Interview de Dorothée CLOÎTRE, Référente nationale violences intrafamiliales pour la Gendarmerie nationale
Le jeudi 24 février 2022 – Miss Konfidentielle a rencontré Dorothée CLOÎTRE à Beauvau en vue de prendre connaissance de ses actions et de celles des gendarmes menées dans le cadre des violences intrafamiliales en métropole et en Outre-mer. Une thématique majeure pour laquelle chacun d’entre nous devrait se saisir. Dorothée CLOÎTRE a saisi le sujet avec sérieux et rigueur et partage avec nous de manière factuelle et synthétique les avancées de la Gendarmerie nationale.
Bonjour Dorothée,
VOUS ETES LA REFERENTE NATIONALE « VIOLENCES INTRAFAMILIALES »POUR LA GENDARMERIE
- Quel est le contexte ?
Le 1er septembre 2021 est une date importante pour moi puisque c’est celle de ma prise de fonction en tant que Référente nationale « violences intrafamiliales » avec une remise de lettre de mission très précise du général Christian RODRIGUEZ, Directeur général de la Gendarmerie nationale (DGGN).

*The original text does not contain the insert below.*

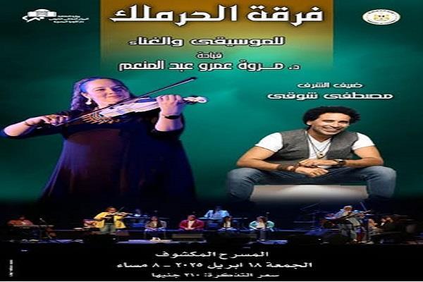 تنظم دار الأوبرا برئاسة الدكتور علاء عبد السلام، حفلًا لفرقة الحرملك للموسيقى والغناء بقيادة المايسترو الدكتورة مروة عبد المنعم، و تستضيف الفنان مصطفى شوقي وذلك فى الثامنة مساء الغد الجمعة 18 أبريل على المسرح المكشوف .

Evidemment, en tant que responsable de sécurité publique, j’avais bien compris que la problématique des violences intrafamiliales, dites VIF, était importante mais je n’avais pas mesuré à quel point il existait un problème de fond sur cette thématique des violences au sein de notre société.
Il s’agit d’une manière générale de lutter contre les inégalités, selon d’ailleurs l’impulsion politique voulue au cours de ce quinquennat. La création de mon poste s’inscrit ainsi dans une succession de mesures prises depuis le Grenelle des violences en septembre 2019.
- Quelles sont les actions concrètes menées ?
Le dispositif général mis en place par la gendarmerie est solide et désormais éprouvé. Il s’agit surtout pour moi d’en assurer la cohérence d’ensemble, de valoriser les initiatives locales, et de mieux faire connaître nos actions à nos partenaires comme les associations de victimes avec lesquelles nous multiplions les échanges pour toujours s’améliorer.
Parmi nos mesures clés, je pense aux Maisons de protection des familles, dites MPF.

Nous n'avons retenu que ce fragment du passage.